» Goal of the exercise: Below are the records; copy exactly the lines from the first through the one containing "Die Gewinnung von", both included, and leave out the pictures.
== Segment start ==
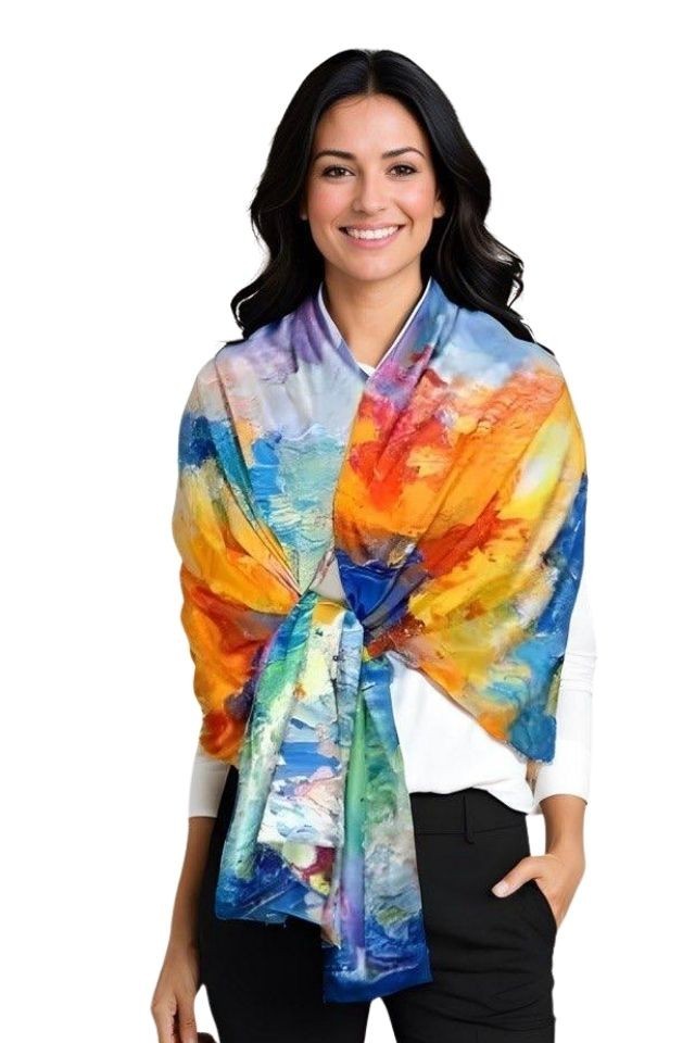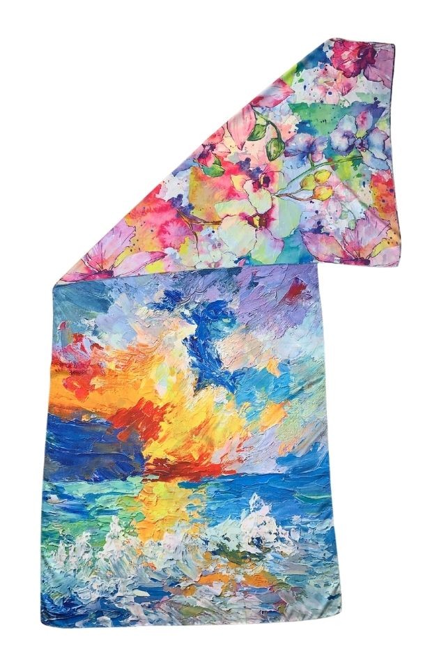 Acesta esarfa este spectaculoasa avand un model inspirat din picturi celebre pe ambele fete. Aduce un plus de eleganta si unicitate fiecarei tinute casual sau eleganta .Materialul tip matase este placut la atingere, moale si poate fi purtat in orice sezon .Schimbati imaginea purtand o esarfa cu personalitate.
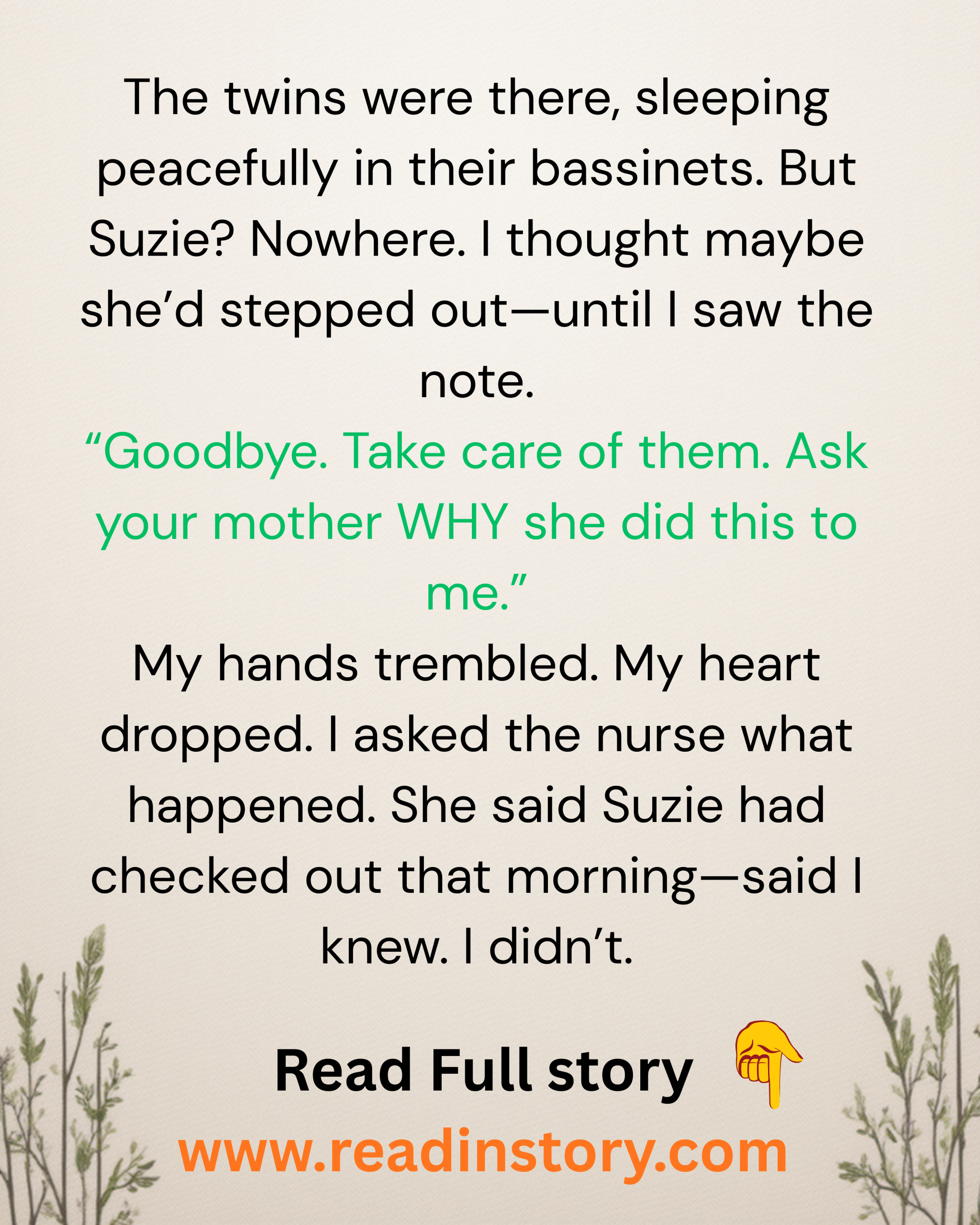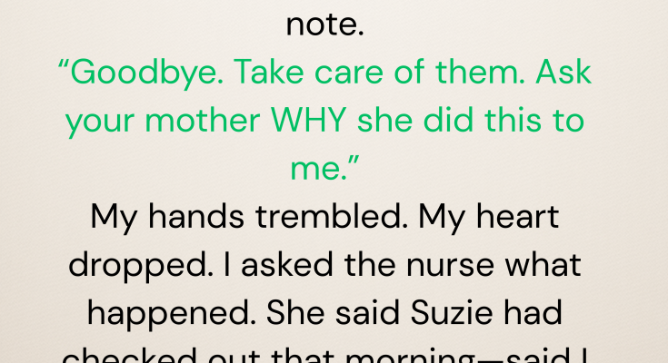 The twins were there, sleeping peacefully in their bassinets. But Suzie? Nowhere. I thought maybe she’d stepped out—until I saw the note.
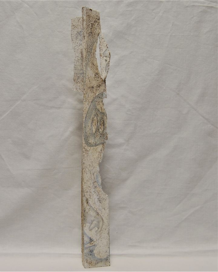 Opera in cartoncino e tecnica mista: colla, sabbia, graffito, colore acrilico, inchiostro
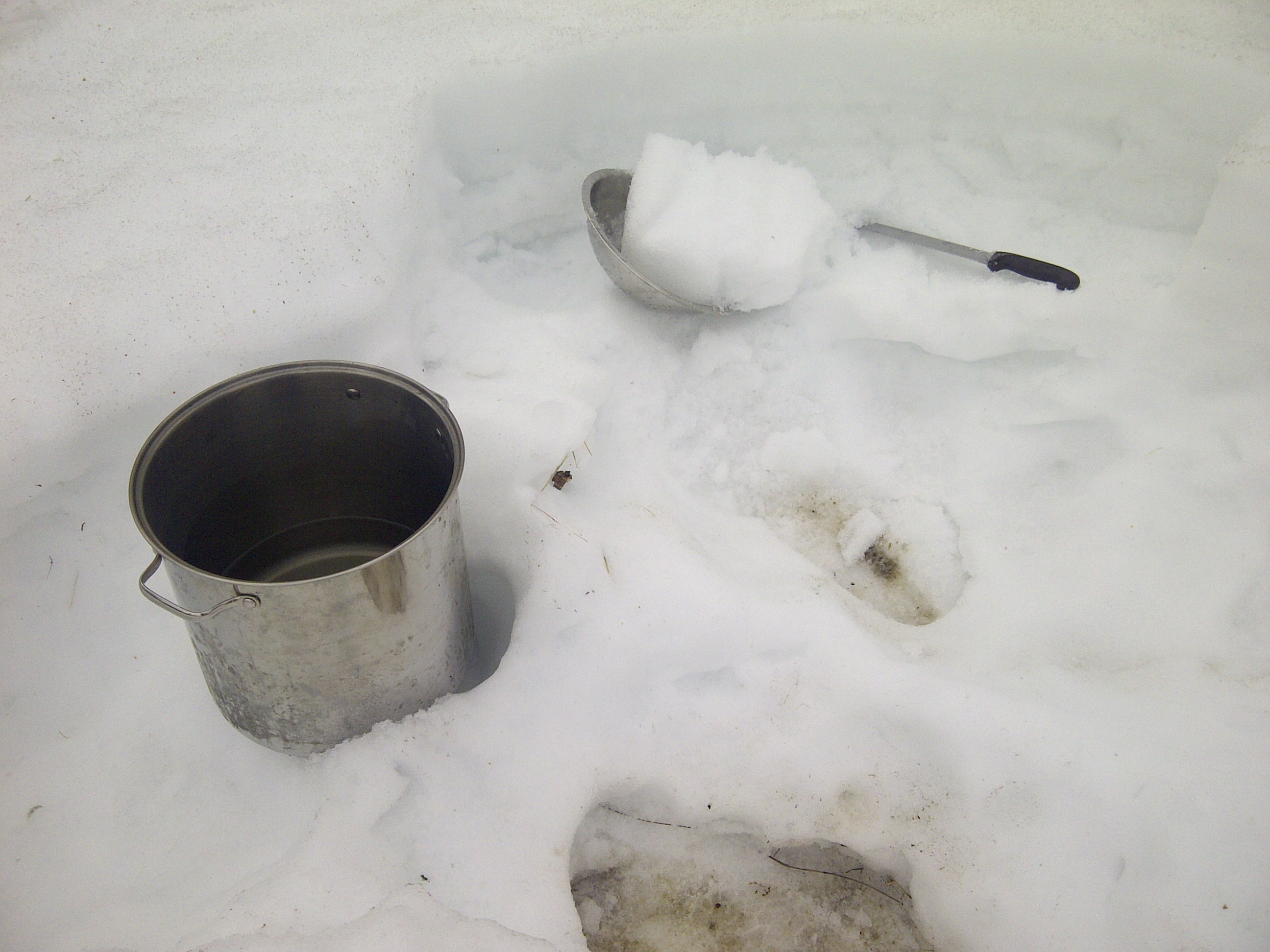 Die Gewinnung von Brauchwasser tritt mal wieder in ihre „interessante“ Fruehlingsphase: Der Schnee sackt zusammen, was ihm pro Kubikmeter sicher mehr Wassergehalt gibt. Gleichzeitig aber kann man ihn nicht mehr so einfach mit der Schuessel in den Topf schaufeln. Also schneide ich ihn mit einem grossen Messer in Quader. Und weil schon bald Mai ist, muss ich immer weiter laufen, um einigermassen sauberen Schnee zu finden. Es ist erstaunlich, was so alles aus den Schornsteinen rausfliegt – der Schnee bzw. die wenigen Schneereste direkt vorm Haus haben eine Russschicht, haesslich.
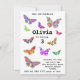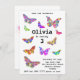 Une collection de papillons colorés et psychédéliques en rose vif, violet, bleu, orange, jaune et aqua. Un beau papillon multicolore, une invitation à fêter son anniversaire. Cette invitation amusante à la fête est facile à personnaliser pour créer une invitation unique pour les filles et les amateurs de papillons adultes. Illustrations colorées de papillons psychédéliques par l'artiste Catherine Sweetman
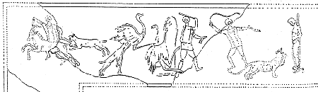 Sur la frise orientale, en haut à gauche, un chien
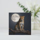 A powerful leopard with piercing yellow eyes and a sleek, spotted coat sits majestically on a stark, solitary branch. One paw dangles artfully across the center of the illustration, hinting at movement. Behind him, a vast, luminous harvest moon hangs in the inky night sky, casting an ethereal glow. Awesome blank notecard for anyone who loves leopards.
== Segment end ==
» Response box:
 Acesta esarfa este spectaculoasa avand un model inspirat din picturi celebre pe ambele fete. Aduce un plus de eleganta si unicitate fiecarei tinute casual sau eleganta .Materialul tip matase este placut la atingere, moale si poate fi purtat in orice sezon .Schimbati imaginea purtand o esarfa cu personalitate.
 The twins were there, sleeping peacefully in their bassinets. But Suzie? Nowhere. I thought maybe she’d stepped out—until I saw the note.
 Opera in cartoncino e tecnica mista: colla, sabbia, graffito, colore acrilico, inchiostro
 Die Gewinnung von Brauchwasser tritt mal wieder in ihre „interessante“ Fruehlingsphase: Der Schnee sackt zusammen, was ihm pro Kubikmeter sicher mehr Wassergehalt gibt. Gleichzeitig aber kann man ihn nicht mehr so einfach mit der Schuessel in den Topf schaufeln. Also schneide ich ihn mit einem grossen Messer in Quader. Und weil schon bald Mai ist, muss ich immer weiter laufen, um einigermassen sauberen Schnee zu finden. Es ist erstaunlich, was so alles aus den Schornsteinen rausfliegt – der Schnee bzw. die wenigen Schneereste direkt vorm Haus haben eine Russschicht, haesslich.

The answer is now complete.